(INPUT DATA begins)

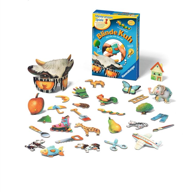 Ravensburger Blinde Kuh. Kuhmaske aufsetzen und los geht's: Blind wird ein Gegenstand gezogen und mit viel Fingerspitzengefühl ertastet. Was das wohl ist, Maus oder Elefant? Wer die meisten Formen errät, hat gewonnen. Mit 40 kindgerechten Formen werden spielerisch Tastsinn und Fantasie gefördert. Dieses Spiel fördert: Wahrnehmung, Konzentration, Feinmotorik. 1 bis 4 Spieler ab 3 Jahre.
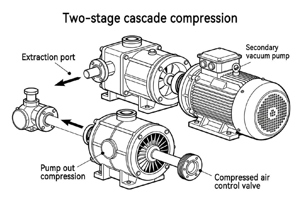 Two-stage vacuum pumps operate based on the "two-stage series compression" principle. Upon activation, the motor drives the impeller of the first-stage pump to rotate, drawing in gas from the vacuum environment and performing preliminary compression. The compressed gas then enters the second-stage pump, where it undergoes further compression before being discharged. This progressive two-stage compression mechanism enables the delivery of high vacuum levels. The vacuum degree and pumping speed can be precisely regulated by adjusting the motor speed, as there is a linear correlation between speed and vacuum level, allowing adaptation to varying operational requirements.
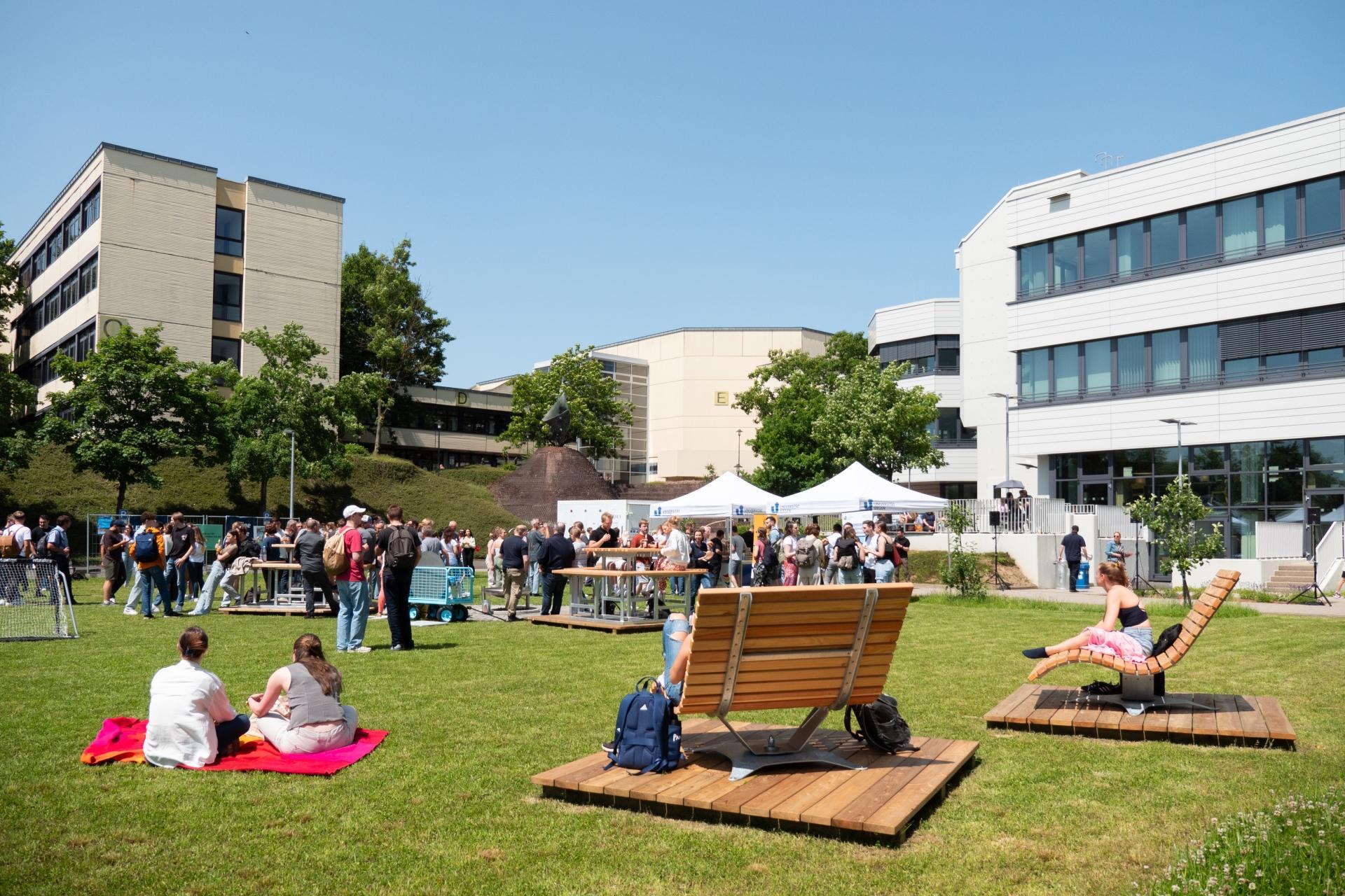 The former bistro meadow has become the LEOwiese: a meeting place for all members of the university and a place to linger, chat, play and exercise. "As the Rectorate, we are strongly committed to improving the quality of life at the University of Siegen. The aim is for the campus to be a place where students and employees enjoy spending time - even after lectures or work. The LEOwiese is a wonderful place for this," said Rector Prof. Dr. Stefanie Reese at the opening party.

(INPUT DATA ends)

Restate word for word the lines beginning with the one that contains "Two-stage vacuum pumps" and ending with the last line of the listing; pictures stay out.

 Two-stage vacuum pumps operate based on the "two-stage series compression" principle. Upon activation, the motor drives the impeller of the first-stage pump to rotate, drawing in gas from the vacuum environment and performing preliminary compression. The compressed gas then enters the second-stage pump, where it undergoes further compression before being discharged. This progressive two-stage compression mechanism enables the delivery of high vacuum levels. The vacuum degree and pumping speed can be precisely regulated by adjusting the motor speed, as there is a linear correlation between speed and vacuum level, allowing adaptation to varying operational requirements.
 The former bistro meadow has become the LEOwiese: a meeting place for all members of the university and a place to linger, chat, play and exercise. "As the Rectorate, we are strongly committed to improving the quality of life at the University of Siegen. The aim is for the campus to be a place where students and employees enjoy spending time - even after lectures or work. The LEOwiese is a wonderful place for this," said Rector Prof. Dr. Stefanie Reese at the opening party.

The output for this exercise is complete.